Ismael se detuvo por un instante, inclinándose un poco hacia él, como si estuviera evaluando la pregunta. Luego sonrió, con esa sonrisa que siempre parecía iluminar la habitación.
—Desde hace unos años. Me gusta este lugar.
—¿Soy parte de tu trabajo? —aventuró, bajando la voz, como si la respuesta pudiera contener algo que no estaba preparado para escuchar.
Ismael rio suavemente, inclinando la cabeza hacia un lado.
—No, Manu. No eres parte de mi trabajo.
—Pero estás todos los días aquí, entonces ¿cuándo trabajas? —insistió Manu, levantando una ceja en un intento de parecer casual, aunque sus ojos agudos lo traicionaban.
—Tengo permiso para estar aquí —respondió Ismael, divertido, acercándose un poco más, como si disfrutara de ver a Manu intentar comprender lo incomprensible.
Manu, sintiendo que la respuesta no aclaraba nada, se atrevió a ir a un poco más allá:
—¿Tan importante soy para ti?
Ismael se detuvo por un momento, observándolo con ternura y diversión. Luego, con un movimiento calculado, apoyó la mano en la cabecera de la cama, inclinándose lo suficiente como para que sus rostros estuvieran peligrosamente cerca.
—Manu, no me sacarás información. Pero sí, eres muy importante. Además, me gusta tu cara, eres bonito. Vengo aquí para ver tu cara bonita.
El rubor subió al rostro de Manu como un relámpago, desviando la mirada rápidamente, sin poder evitar que una sonrisa nerviosa que lo delataba.
—¿Siempre dices esas cosas? —murmuró, intentando sonar molesto, pero con su voz temblando ligeramente.
Ismael no se movió, y su sonrisa solo creció al observarlo.
—Solo cuando quiero verte así —respondió, bajando la voz hasta convertirla en un susurro—. Nervioso, y con esas mejillas rojas que tanto me gustan.
Manu tragó saliva, sus manos jugueteando con el borde de la manta.
—Ya, basta —dijo, riendo nerviosamente, empujando suavemente a Ismael en el brazo, aunque su toque era más una caricia que un gesto serio.
Ismael se apartó un poco, pero no mucho, manteniendo esa mirada traviesa que lo hacía parecer un gato.
—No es mi culpa.

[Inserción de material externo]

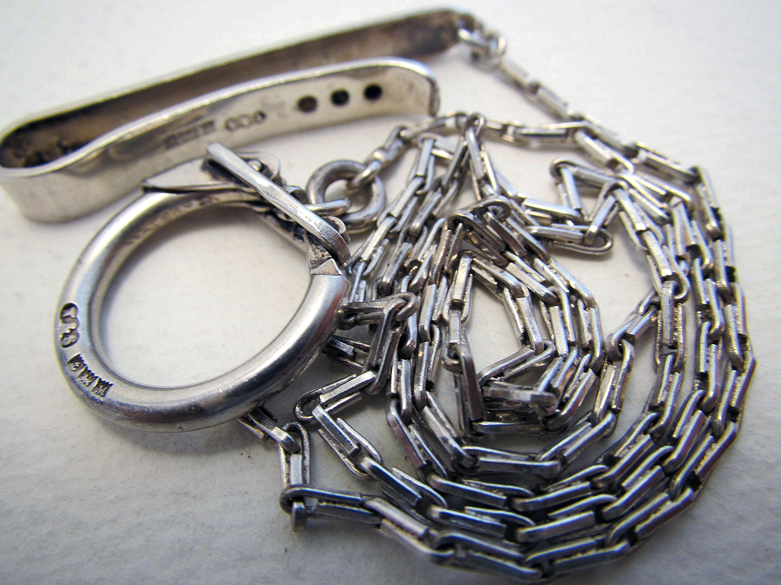 Hallmarked Solid Sterling Silver Vintage Tie Clip Chatelaine Pocket Watch Albert Chain Fob 1960 / 1961
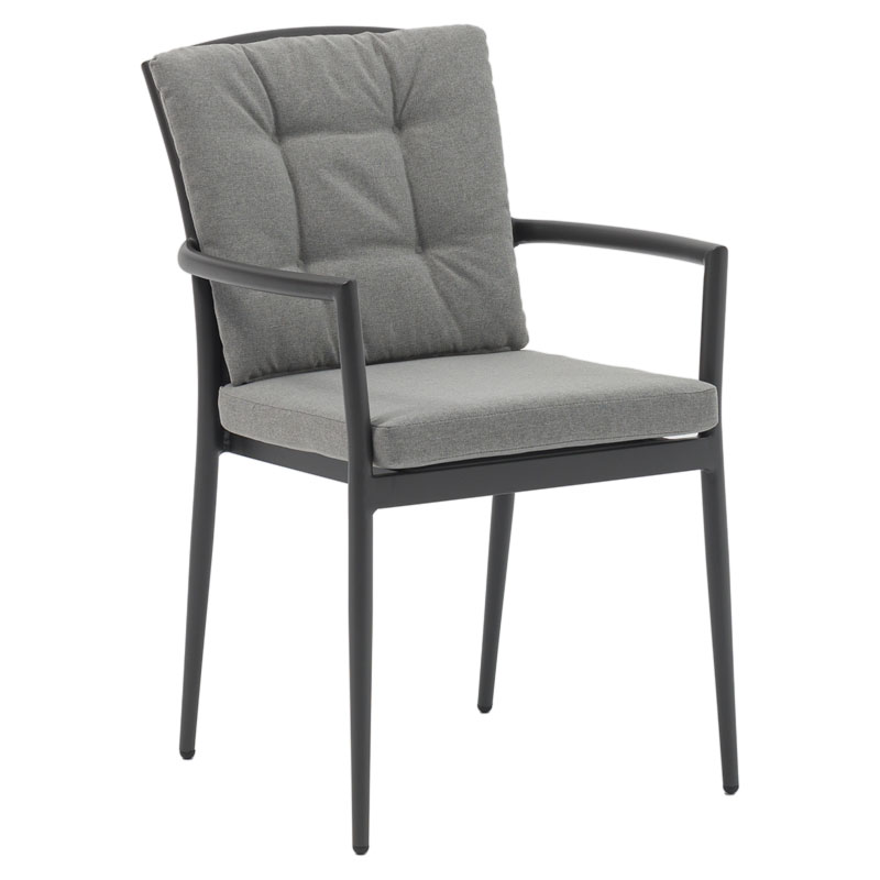 Πολυθρόνα κήπου Moritz pakoworld αλουμίνιο ανθρακί σχοινί-μαξιλάρι γκρι

No puedo evitarlo. Eres demasiado entretenido, Manu.
Manu desvió la mirada hacia la ventana, intentando recuperar la compostura. Pero el calor en su rostro no bajaba. Aun así, debía reconocer que la sensación de ser el centro de la atención de Ismael le encantaba.
—Oye Manu, ¿estás listo para ver más gente? Los doctores creen que pueden permitir que entre Leo —agregó Isma, aprovechándose del ambiente juguetón.
El rostro de Manu se iluminó de inmediato, como si aquella hubiese sido la noticia que estaba esperando. Ismael sonrió enternecido, deseoso de poder verlo feliz.